Today’s lead editorial in the Wall Street Journal, “We’re Number One, Alas.” (Paid subscription required):
Some good news on the tax cutting front: Last week lawmakers approved an 8.9 percentage point reduction in the corporate income tax rate. Too bad the tax cutters are Germans, not Americans.
There’s a trend here. At least 25 developed nations have adopted Reaganite corporate income tax rate cuts since 2001. The U.S. is conspicuously not one of them. Vietnam has recently announced it is cutting its corporate rate to 25% from 28%. Singapore has approved a corporate tax cut to 18% from 20% to compete with low-tax Hong Kong’s rate of 17.5%, and Northern Ireland is making a bid to slash its corporate tax rate to 12.5% to keep pace with the same low rate in the prosperous Republic of Ireland.
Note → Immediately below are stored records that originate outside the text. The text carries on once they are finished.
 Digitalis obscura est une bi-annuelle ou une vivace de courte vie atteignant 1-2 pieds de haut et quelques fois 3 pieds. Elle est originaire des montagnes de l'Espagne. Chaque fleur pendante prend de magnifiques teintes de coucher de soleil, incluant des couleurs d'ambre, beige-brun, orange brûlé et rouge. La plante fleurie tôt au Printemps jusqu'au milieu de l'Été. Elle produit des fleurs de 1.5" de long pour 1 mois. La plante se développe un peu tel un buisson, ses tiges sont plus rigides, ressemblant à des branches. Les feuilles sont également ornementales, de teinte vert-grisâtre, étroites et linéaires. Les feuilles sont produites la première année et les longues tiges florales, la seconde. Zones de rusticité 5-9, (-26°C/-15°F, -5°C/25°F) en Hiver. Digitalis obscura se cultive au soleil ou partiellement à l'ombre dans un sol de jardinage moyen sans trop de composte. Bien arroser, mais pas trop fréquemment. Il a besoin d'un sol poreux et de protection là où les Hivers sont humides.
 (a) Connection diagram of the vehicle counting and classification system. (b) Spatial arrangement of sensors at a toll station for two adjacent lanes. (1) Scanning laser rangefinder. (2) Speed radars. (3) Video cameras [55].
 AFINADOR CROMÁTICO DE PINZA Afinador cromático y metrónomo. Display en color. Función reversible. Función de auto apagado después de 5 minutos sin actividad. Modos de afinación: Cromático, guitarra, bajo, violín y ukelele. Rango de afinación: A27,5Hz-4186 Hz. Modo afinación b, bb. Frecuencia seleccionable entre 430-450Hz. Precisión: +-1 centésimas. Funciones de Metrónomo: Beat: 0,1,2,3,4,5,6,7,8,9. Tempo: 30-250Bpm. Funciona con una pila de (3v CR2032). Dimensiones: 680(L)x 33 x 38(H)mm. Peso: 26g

Even in France, of all places, new President Nicolas Sarkozy has proposed reducing the corporate tax rate to 25% from 34.4%.
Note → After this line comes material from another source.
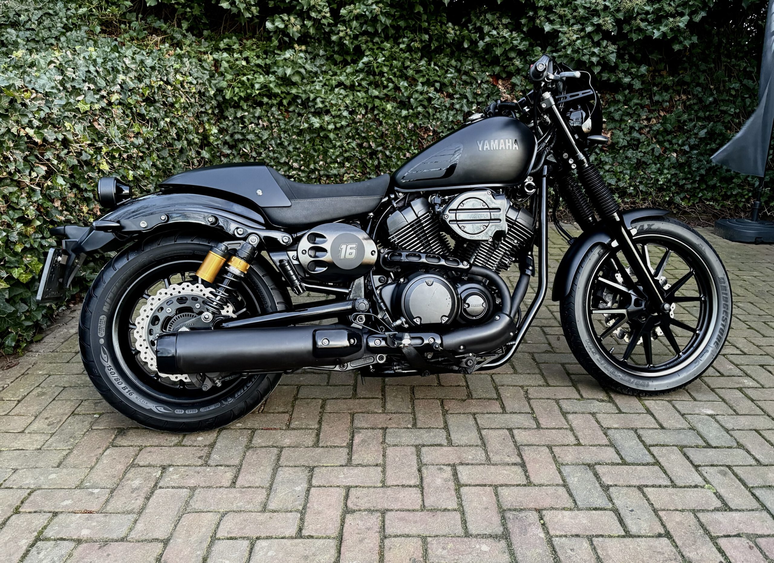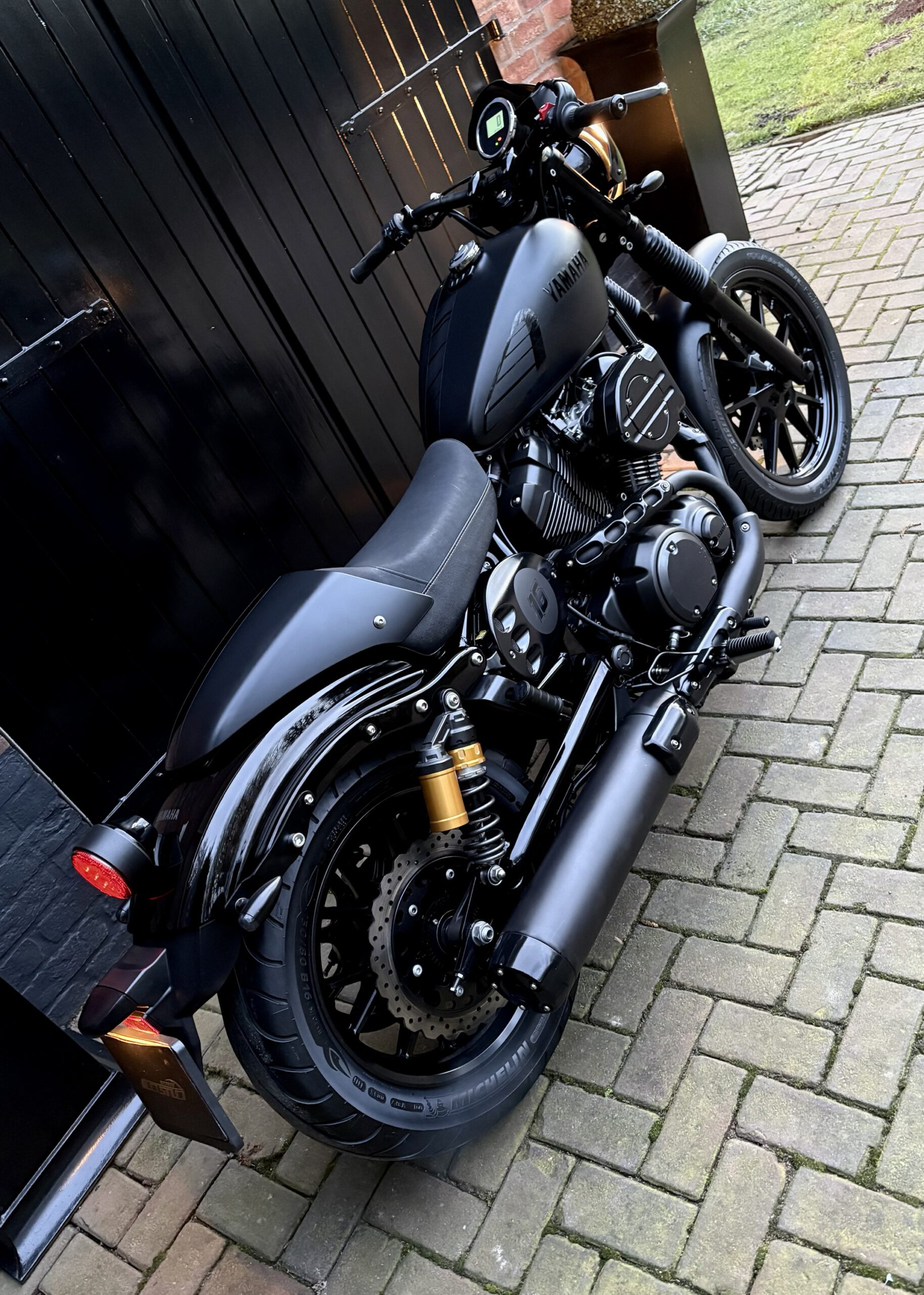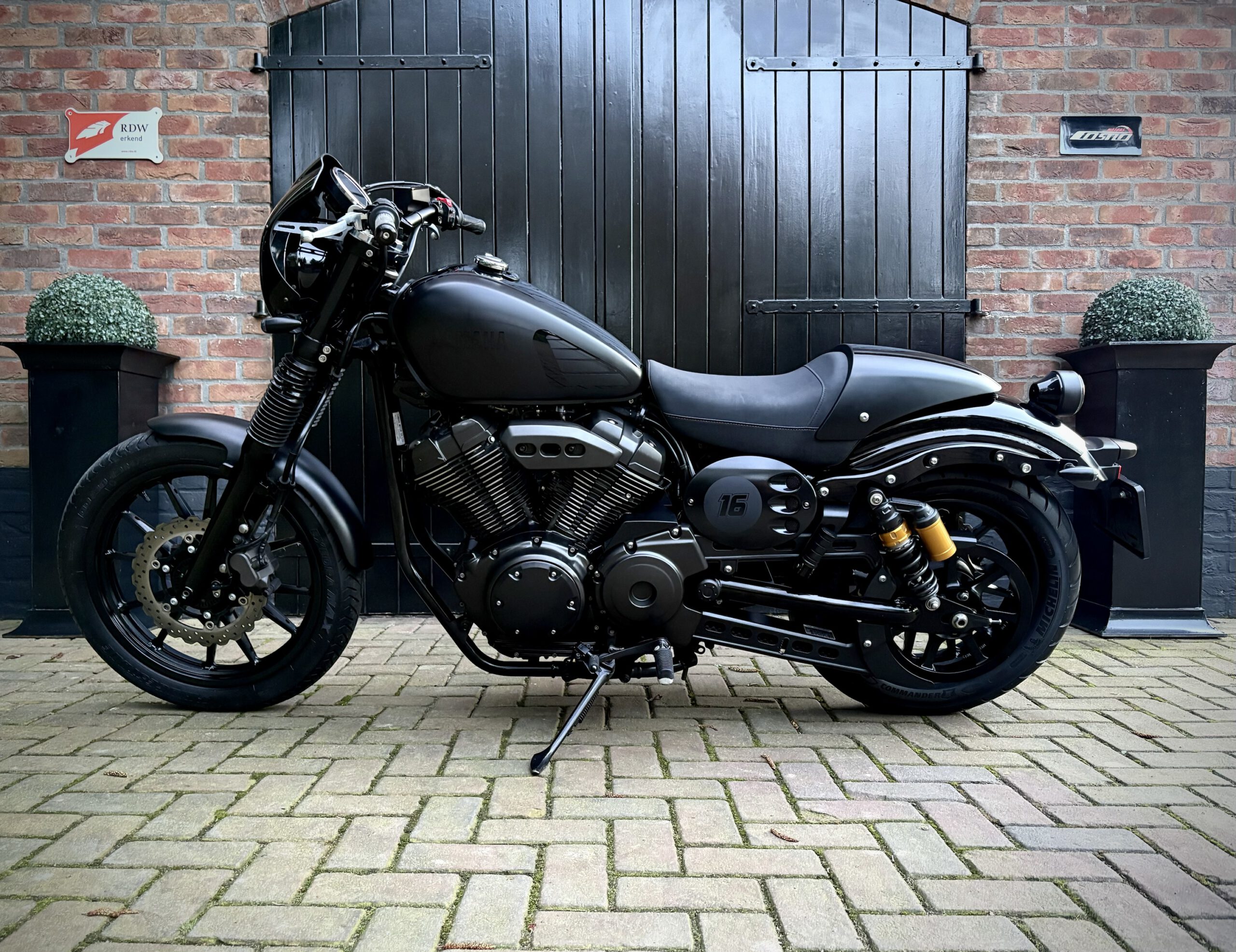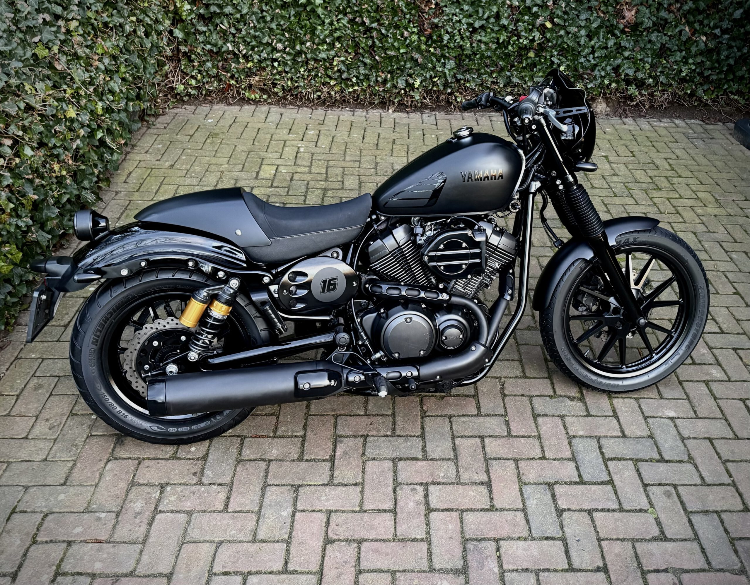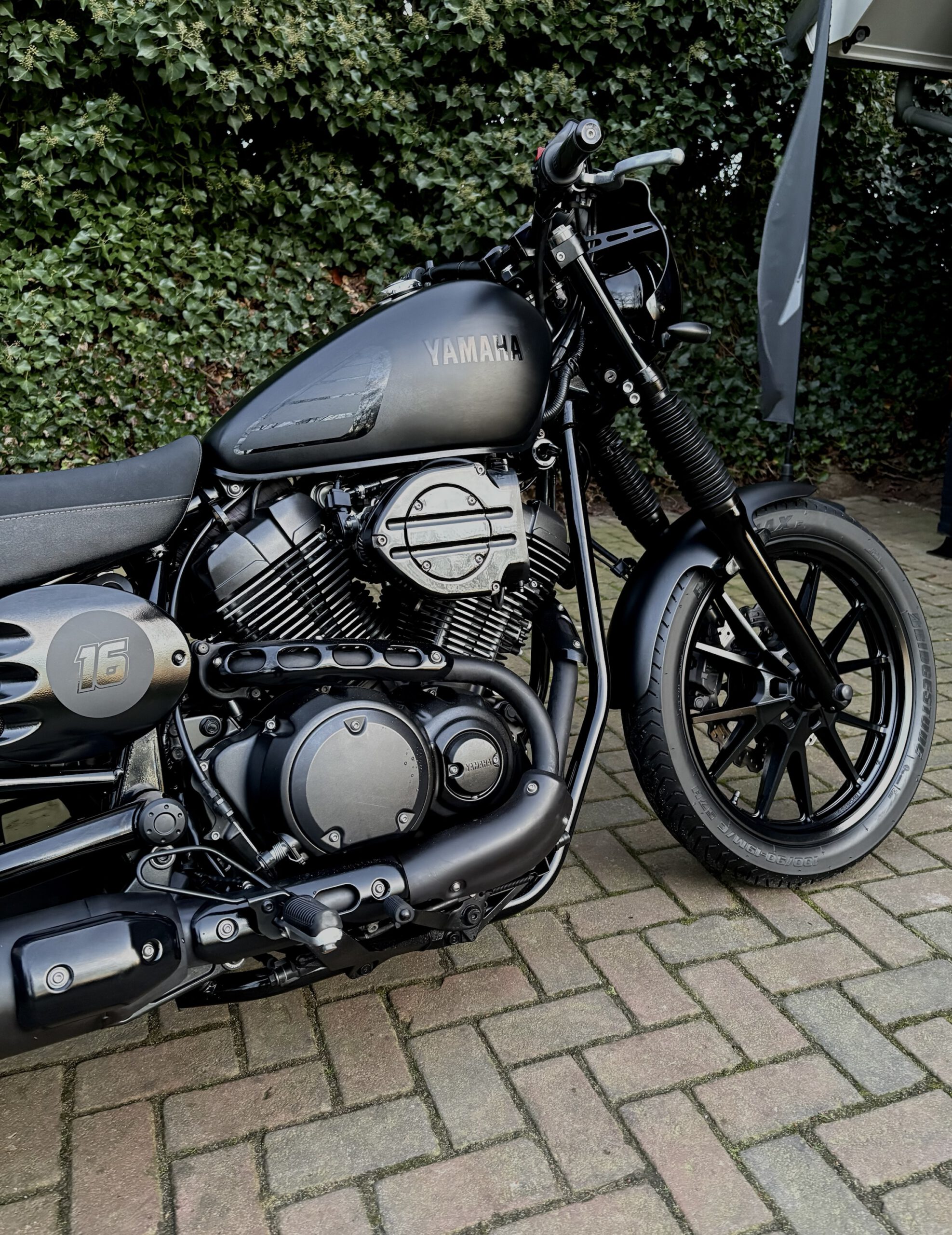 Uniek uitgevoerde XV950 in Matt Black, gecombineerd met hoogglans zwarte onderdelen, waardoor deze motor een gave uitstraling heeft gekregen!

The Journal concludes that one sensible policy remedy for the United States would be to cut the 35 percent U.S. federal corporate tax rate to the industrial nation average of 29 percent. That suggestion runs closely along the lines of the NAM’s recommendations on tax policy made in our NAM white paper, “A 21st Century Tax Policy to Promote Job Creation and Economic Growth.” (You can download the white paper here as a .pdf file.)
The paper includes an extensive discussion of the salutory economic effects of reducing corporate tax rates, recommending a reduction to 25 percent.
There is strong evidence that reducing the corporate tax rate would lead to greater economic growth, higher wages for workers, an increase in productivity levels, more business investment and lower inflation.
Other countries — our competitors — have concluded the same thing and are acting accordingly. Will the United States?